To be comprehensive, the file containing the data resembles the following format for the first dataset presented earlier.
X;Y
0.2;0.22
0.22;0.2
0.18;0.205
0.188;0.18
0.205;0.185
0.8;0.792
0.82;0.8
0.78;0.82
0.795;0.825
0.815;0.78
0.34;0.84
0.32;0.86
0.335;0.88
0.345;0.82
0.35;0.855
We can now commence our exploration, starting with the venerable K-Means.
What is K-Means?
K-Means is a popular clustering algorithm used in machine learning and data analysis. It belongs to the category of partitioning methods and is designed to partition a dataset into a specific number of clusters (K), where each data point belongs to the cluster with the nearest mean. The algorithm iteratively refines its clusters by assigning data points to the cluster with the closest centroid and updating the centroids based on the mean of the assigned points.

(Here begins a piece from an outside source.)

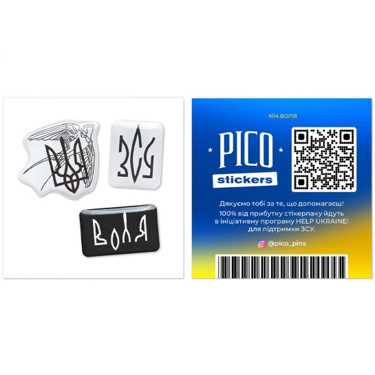 Бренд PICO Pins & Stickers (insta: @pico_pins) спільно з ініціативною програмою Help Ukraine випустили серію супер-якісних 3D-стікерів, присвячених нашій боротьбі проти російської агресії. 100% від прибутку, отриманого від продажу стікерпаків, буде перераховано до Help Ukraine! — ініціативної програми компанії Техно Їжак, яка з перших днів війни займається допомогою ЗСУ та тероборони.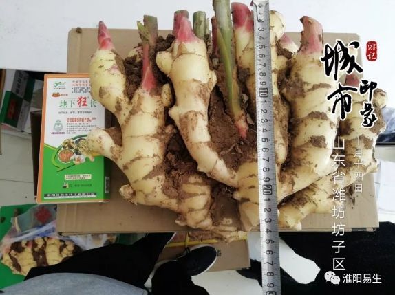 噴施地下狂長的大姜姜面平整,整齊度非常高,姜根粗長,大姜顏色金黃光亮,姜指頭粗大。我們市場(chǎng)人員現(xiàn)場(chǎng)測(cè)量,大姜長35cm,寬25cm。這么大的姜真是不多見!

The basic steps of the K-Means algorithm are thus as follows. Note that we have utilized images from Wikipedia.
- Initialize
We randomly select K data points from the dataset as initial cluster centroids.
- Assign
We assign each data point to the cluster whose centroid is the closest (usually based on Euclidean distance).
- Update
We recalculate the centroids of each cluster based on the mean of the data points assigned to that cluster.
- Repeat
We repeat the assignment and update steps until convergence, where the centroids no longer change significantly or a predefined number of iterations is reached.
Important 1
The centroid of a cluster is the arithmetic mean of all the data points in that cluster.
Important 2
The initialization of points in K-Means is not entirely random; rather, it aims to choose points in a way that is likely to distribute the KK points across different clusters. Various techniques exist for this purpose, but we won't delve into the details of these techniques here. Interested readers can refer to the implemented code.
Important 3
In real-world scenarios, it is common practice to normalize data before processing it.
Implementation in C#
As mentioned in the previous post, we need to implement the IClusteringStrategy
interface.
public class KMeansClusteringStrategy : IClusteringStragtegy
{
public KMeansClusteringStrategy()
{
}
public List<DataCluster> Cluster(Dataset set, int clusters)
{
var groups = Initialize(set, clusters);
while (true)
{
var changed = false;
foreach (var point in set.Points)
{
var currentCluster = groups.FirstOrDefault
(t => t.Points.Any(x => x == point));
if (currentCluster == null) changed = true;
var d = double.MaxValue; DataCluster selectedCluster = null;
foreach (var group in groups)
{
var distance = point.ComputeDistance(group.GetCentroid());
if (d > distance)
{
selectedCluster = group;
d = distance;
}
}
if (selectedCluster != currentCluster)
{
selectedCluster?.Points.Add(point);
currentCluster?.Points.Remove(point);
changed = true;
}
}
if (!changed) break;
}
return groups;
}
#region Private Methods
private List<DataCluster> Initialize(Dataset set, int clusters)
{
var results = new List<DataCluster>();
var selectedPoints = new List<DataPoint>();
var r = new Random(); var k = r.Next(set.Points.Count);
var p = set.Points.ElementAt(k); selectedPoints.Add(p);
var c = 1;
var cluster = new DataCluster()
{ Cluster = c.ToString(), Points = new List<DataPoint>() { p } };
results.Add(cluster);
while (c < clusters)
{
var remainingPoints = set.Points.Except(selectedPoints).ToList();
var maximum = double.MinValue; DataPoint other = null;
foreach (var point in remainingPoints)
{
var distance = selectedPoints.Select(x => x.ComputeDistance(point)).Min();
if (distance > maximum)
{
maximum = distance;
other = point;
}
}
selectedPoints.Add(other);
c++;
var newCluster = new DataCluster()
{ Cluster = c.ToString(), Points = new List<DataPoint>() { other } };
results.Add(newCluster);
}
return results;
}
#endregion
}
K-Means is renowned for its simplicity, as evident in the preceding code with only a few lines. Undoubtedly, this simplicity contributes to its widespread use. On our part, we will explore how this algorithm performs on our three datasets.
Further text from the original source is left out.